(Records contained in a dataset)
#####

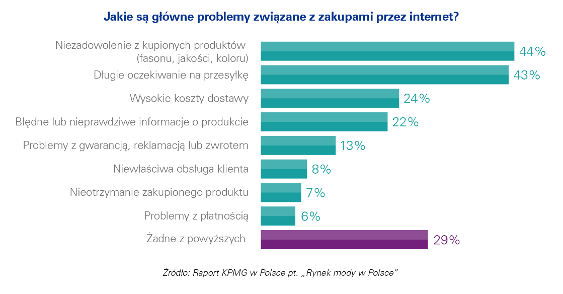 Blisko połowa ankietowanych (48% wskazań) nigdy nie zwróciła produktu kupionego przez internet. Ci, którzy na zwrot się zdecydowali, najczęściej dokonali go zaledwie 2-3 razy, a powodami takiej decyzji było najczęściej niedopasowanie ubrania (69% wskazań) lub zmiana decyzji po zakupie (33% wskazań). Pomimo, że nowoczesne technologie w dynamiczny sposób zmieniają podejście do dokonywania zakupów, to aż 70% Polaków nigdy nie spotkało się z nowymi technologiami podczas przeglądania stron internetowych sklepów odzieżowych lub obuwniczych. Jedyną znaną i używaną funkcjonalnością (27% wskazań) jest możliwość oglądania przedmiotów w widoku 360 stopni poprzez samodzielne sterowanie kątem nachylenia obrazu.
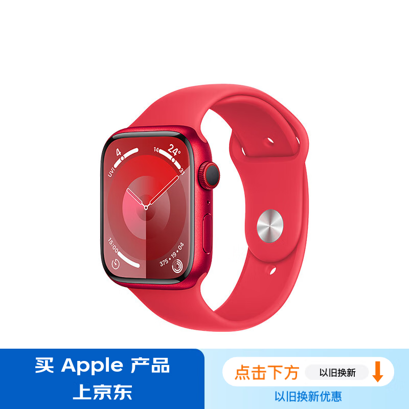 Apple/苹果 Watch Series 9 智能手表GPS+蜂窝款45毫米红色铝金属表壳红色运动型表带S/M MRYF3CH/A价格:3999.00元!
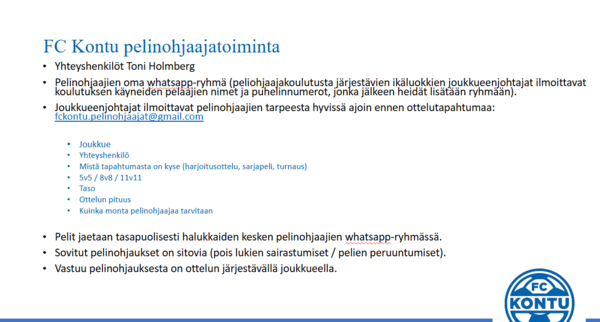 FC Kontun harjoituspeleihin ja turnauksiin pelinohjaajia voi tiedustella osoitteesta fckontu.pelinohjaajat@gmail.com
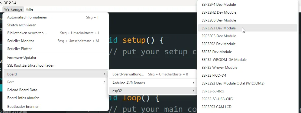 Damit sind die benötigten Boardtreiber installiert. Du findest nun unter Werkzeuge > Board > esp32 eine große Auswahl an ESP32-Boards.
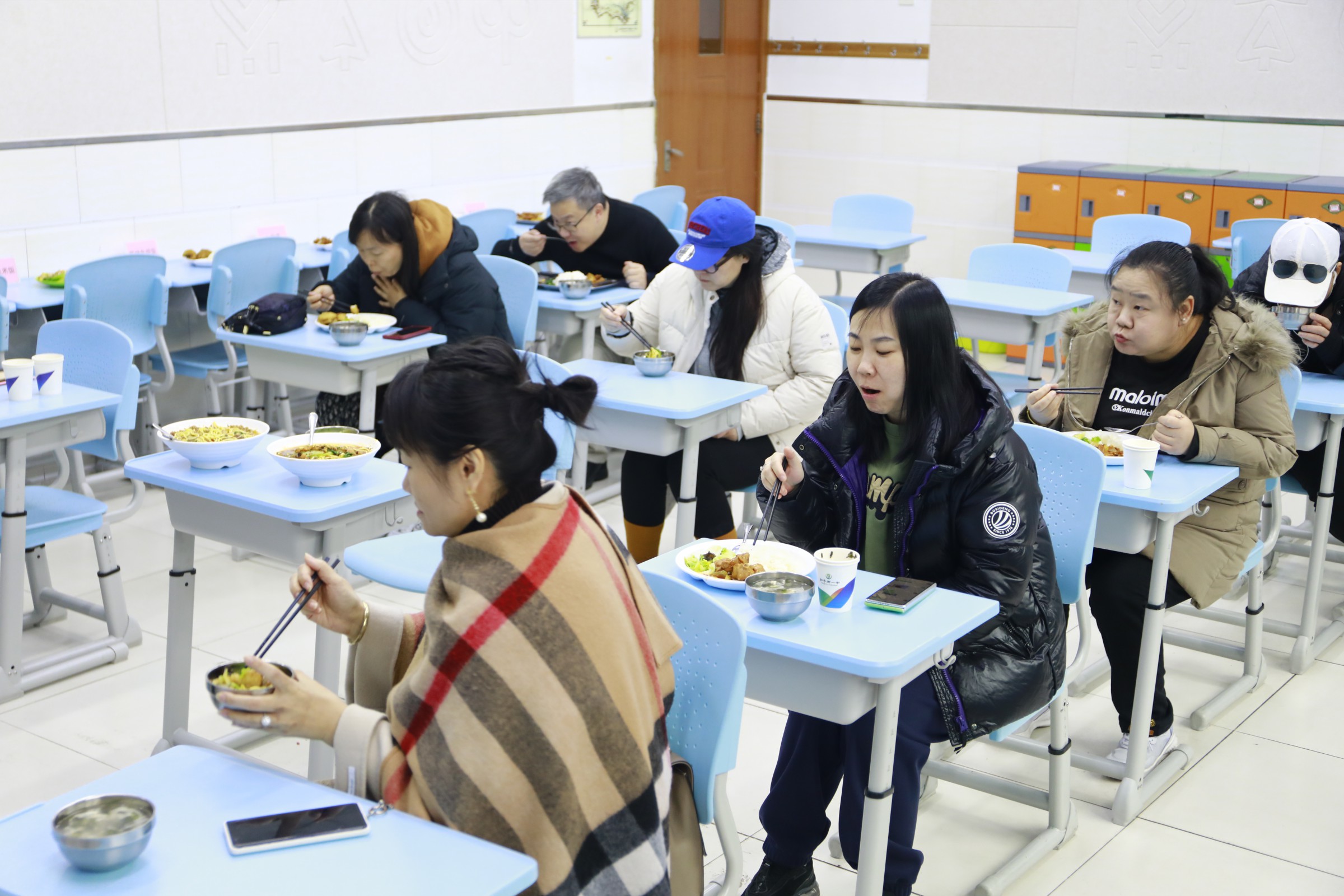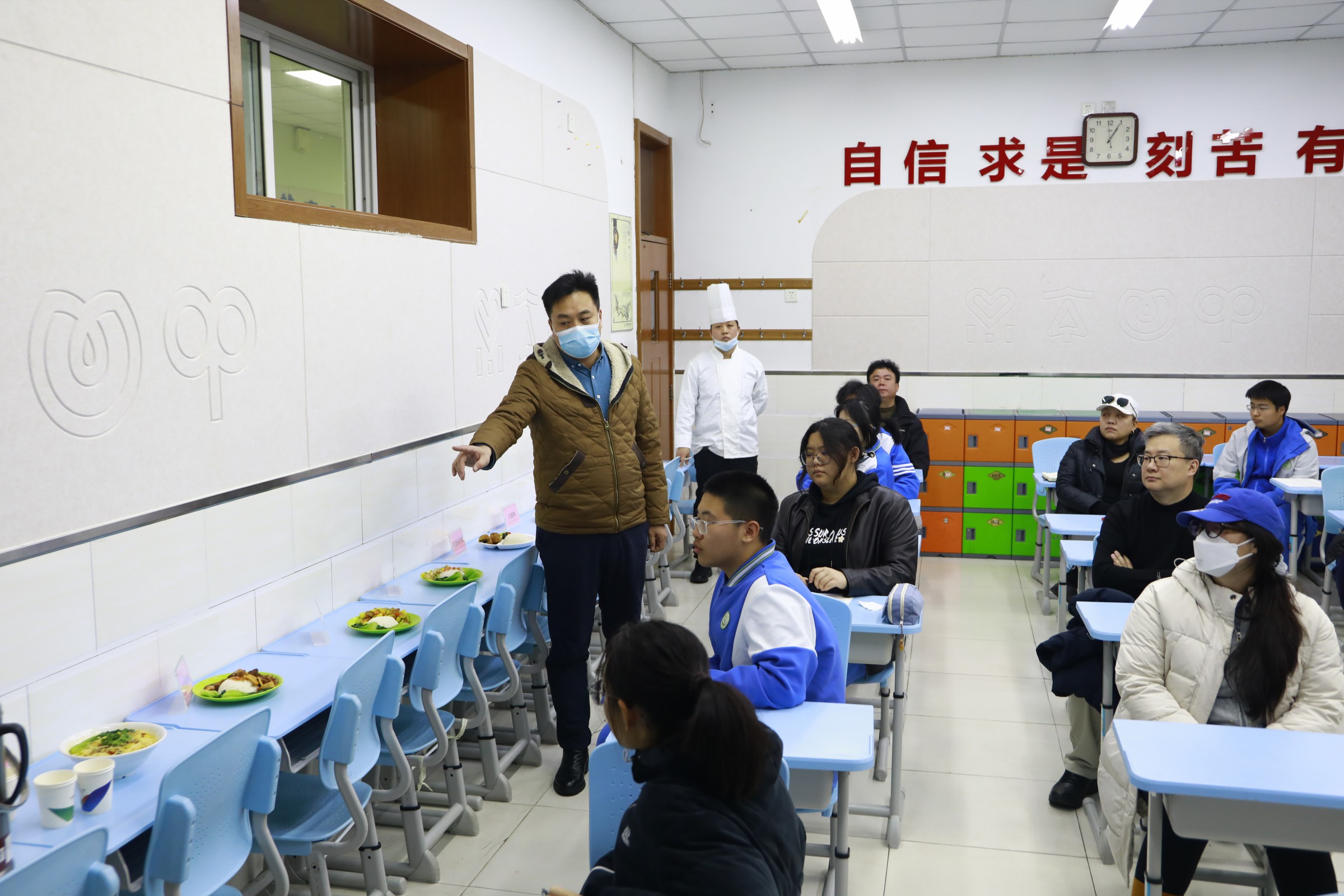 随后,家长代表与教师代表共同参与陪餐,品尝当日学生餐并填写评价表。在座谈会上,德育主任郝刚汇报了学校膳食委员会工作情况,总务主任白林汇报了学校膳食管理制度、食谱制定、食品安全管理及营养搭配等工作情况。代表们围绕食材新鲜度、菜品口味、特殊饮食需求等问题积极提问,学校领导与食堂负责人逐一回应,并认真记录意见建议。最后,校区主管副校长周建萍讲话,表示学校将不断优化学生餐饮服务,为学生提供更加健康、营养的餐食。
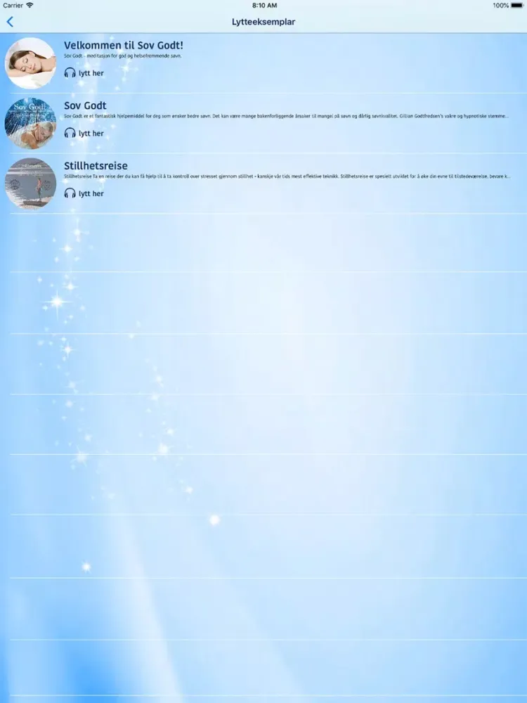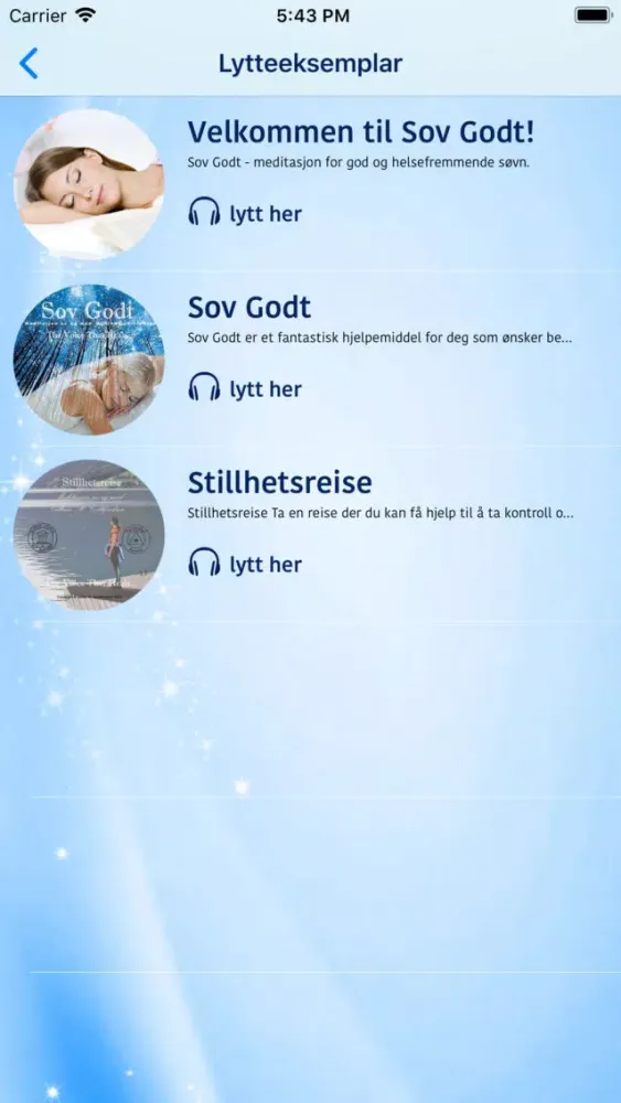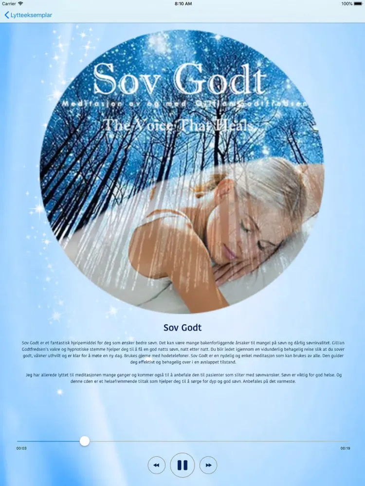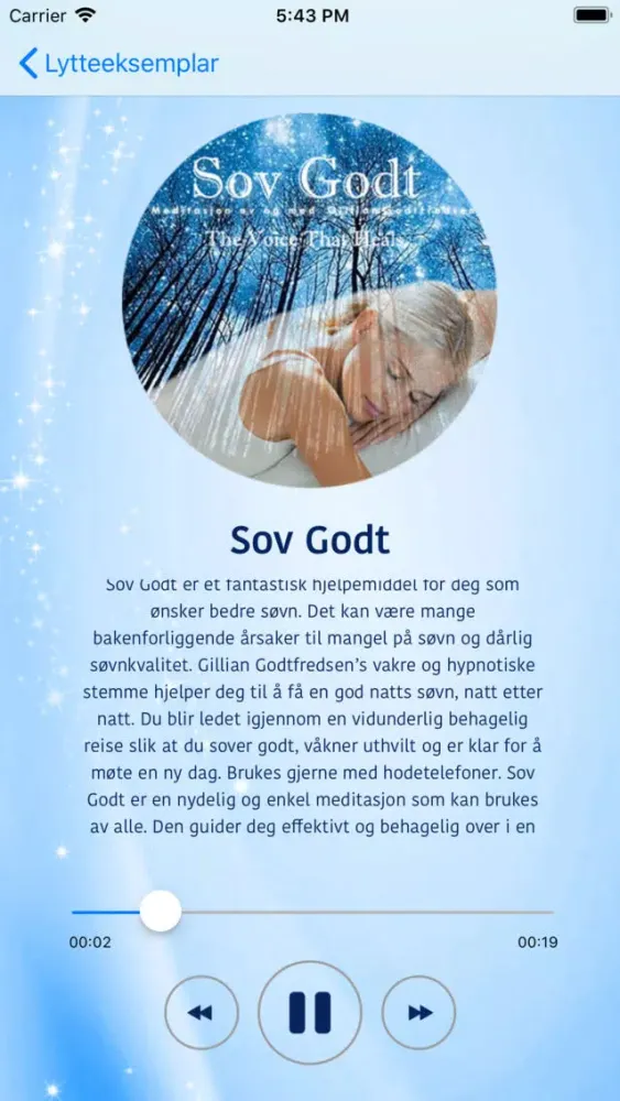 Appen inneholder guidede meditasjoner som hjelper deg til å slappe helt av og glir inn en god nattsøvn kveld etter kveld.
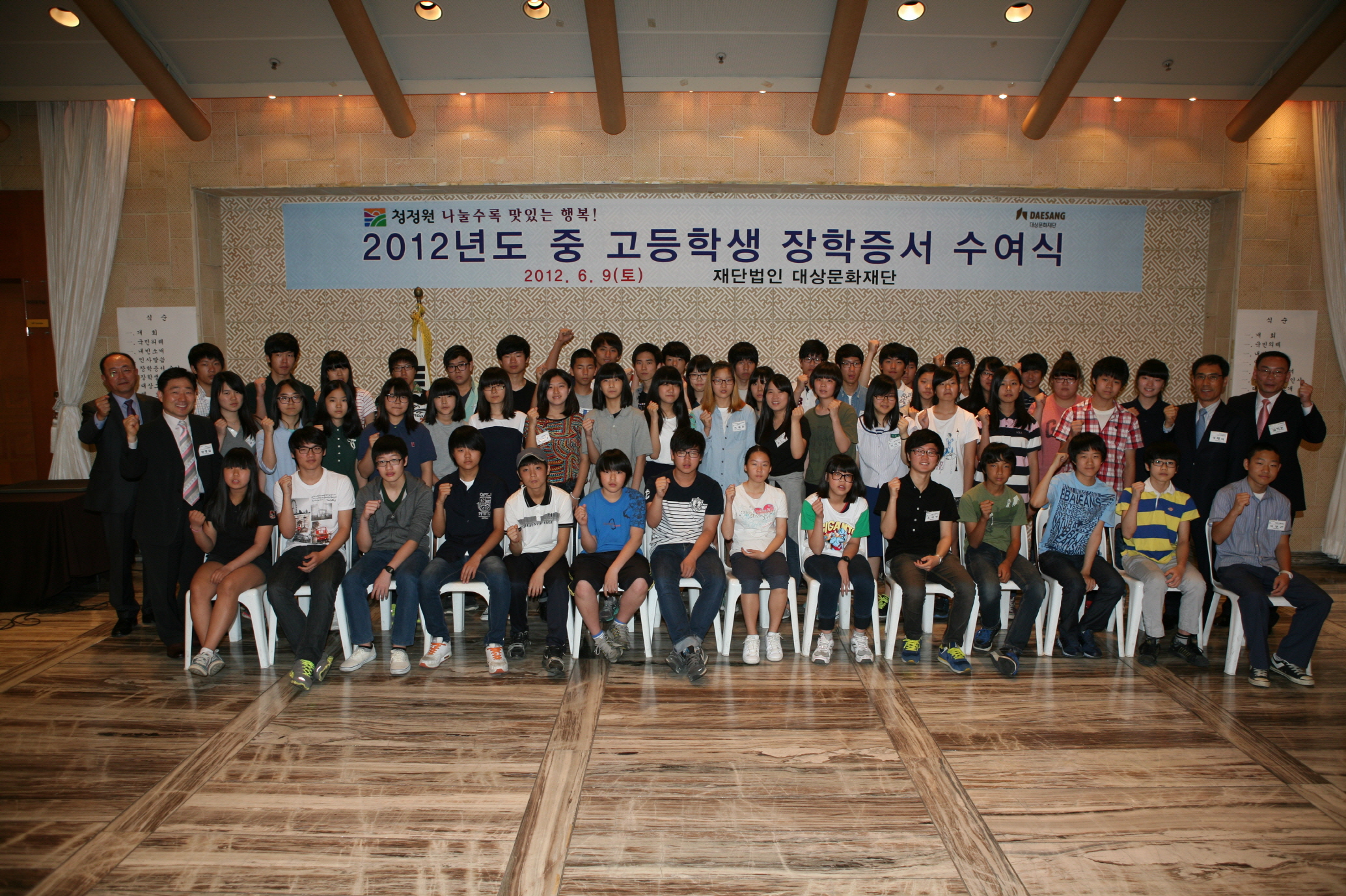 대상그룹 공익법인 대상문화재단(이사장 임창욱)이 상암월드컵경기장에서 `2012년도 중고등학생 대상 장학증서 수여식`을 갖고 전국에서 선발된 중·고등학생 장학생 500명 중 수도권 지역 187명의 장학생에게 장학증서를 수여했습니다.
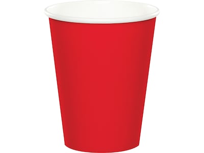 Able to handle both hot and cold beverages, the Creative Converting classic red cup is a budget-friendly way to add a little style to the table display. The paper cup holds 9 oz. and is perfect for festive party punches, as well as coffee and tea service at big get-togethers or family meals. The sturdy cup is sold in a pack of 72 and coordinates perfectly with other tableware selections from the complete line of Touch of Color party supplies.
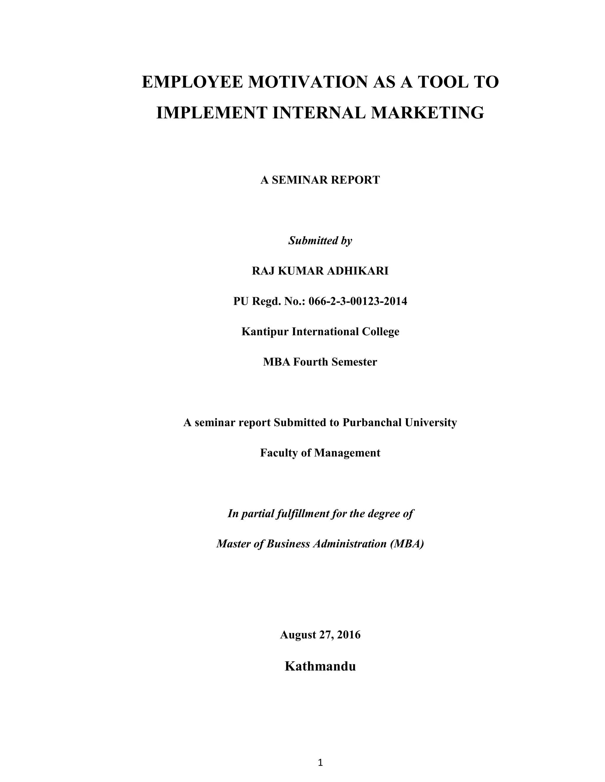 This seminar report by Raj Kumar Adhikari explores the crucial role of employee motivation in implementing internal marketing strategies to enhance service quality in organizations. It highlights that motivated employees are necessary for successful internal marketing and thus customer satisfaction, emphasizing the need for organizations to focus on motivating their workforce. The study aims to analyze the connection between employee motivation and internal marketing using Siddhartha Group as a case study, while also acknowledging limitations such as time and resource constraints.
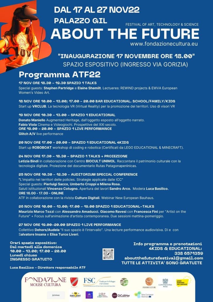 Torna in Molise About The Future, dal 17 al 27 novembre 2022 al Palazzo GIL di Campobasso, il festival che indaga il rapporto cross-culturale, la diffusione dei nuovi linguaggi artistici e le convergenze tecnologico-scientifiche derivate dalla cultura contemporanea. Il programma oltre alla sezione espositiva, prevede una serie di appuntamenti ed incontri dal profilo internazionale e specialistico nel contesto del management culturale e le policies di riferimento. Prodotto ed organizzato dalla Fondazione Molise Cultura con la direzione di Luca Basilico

#####

> TASK PROMPT
Now transcribe all the entries above exactly, so that no picture is carried over.

> SOLUTION
 Blisko połowa ankietowanych (48% wskazań) nigdy nie zwróciła produktu kupionego przez internet. Ci, którzy na zwrot się zdecydowali, najczęściej dokonali go zaledwie 2-3 razy, a powodami takiej decyzji było najczęściej niedopasowanie ubrania (69% wskazań) lub zmiana decyzji po zakupie (33% wskazań). Pomimo, że nowoczesne technologie w dynamiczny sposób zmieniają podejście do dokonywania zakupów, to aż 70% Polaków nigdy nie spotkało się z nowymi technologiami podczas przeglądania stron internetowych sklepów odzieżowych lub obuwniczych. Jedyną znaną i używaną funkcjonalnością (27% wskazań) jest możliwość oglądania przedmiotów w widoku 360 stopni poprzez samodzielne sterowanie kątem nachylenia obrazu.
 Apple/苹果 Watch Series 9 智能手表GPS+蜂窝款45毫米红色铝金属表壳红色运动型表带S/M MRYF3CH/A价格:3999.00元!
 FC Kontun harjoituspeleihin ja turnauksiin pelinohjaajia voi tiedustella osoitteesta fckontu.pelinohjaajat@gmail.com
 Damit sind die benötigten Boardtreiber installiert. Du findest nun unter Werkzeuge > Board > esp32 eine große Auswahl an ESP32-Boards.
 随后,家长代表与教师代表共同参与陪餐,品尝当日学生餐并填写评价表。在座谈会上,德育主任郝刚汇报了学校膳食委员会工作情况,总务主任白林汇报了学校膳食管理制度、食谱制定、食品安全管理及营养搭配等工作情况。代表们围绕食材新鲜度、菜品口味、特殊饮食需求等问题积极提问,学校领导与食堂负责人逐一回应,并认真记录意见建议。最后,校区主管副校长周建萍讲话,表示学校将不断优化学生餐饮服务,为学生提供更加健康、营养的餐食。
 Appen inneholder guidede meditasjoner som hjelper deg til å slappe helt av og glir inn en god nattsøvn kveld etter kveld.
 대상그룹 공익법인 대상문화재단(이사장 임창욱)이 상암월드컵경기장에서 `2012년도 중고등학생 대상 장학증서 수여식`을 갖고 전국에서 선발된 중·고등학생 장학생 500명 중 수도권 지역 187명의 장학생에게 장학증서를 수여했습니다.
 Able to handle both hot and cold beverages, the Creative Converting classic red cup is a budget-friendly way to add a little style to the table display. The paper cup holds 9 oz. and is perfect for festive party punches, as well as coffee and tea service at big get-togethers or family meals. The sturdy cup is sold in a pack of 72 and coordinates perfectly with other tableware selections from the complete line of Touch of Color party supplies.
 This seminar report by Raj Kumar Adhikari explores the crucial role of employee motivation in implementing internal marketing strategies to enhance service quality in organizations. It highlights that motivated employees are necessary for successful internal marketing and thus customer satisfaction, emphasizing the need for organizations to focus on motivating their workforce. The study aims to analyze the connection between employee motivation and internal marketing using Siddhartha Group as a case study, while also acknowledging limitations such as time and resource constraints.
 Torna in Molise About The Future, dal 17 al 27 novembre 2022 al Palazzo GIL di Campobasso, il festival che indaga il rapporto cross-culturale, la diffusione dei nuovi linguaggi artistici e le convergenze tecnologico-scientifiche derivate dalla cultura contemporanea. Il programma oltre alla sezione espositiva, prevede una serie di appuntamenti ed incontri dal profilo internazionale e specialistico nel contesto del management culturale e le policies di riferimento. Prodotto ed organizzato dalla Fondazione Molise Cultura con la direzione di Luca Basilico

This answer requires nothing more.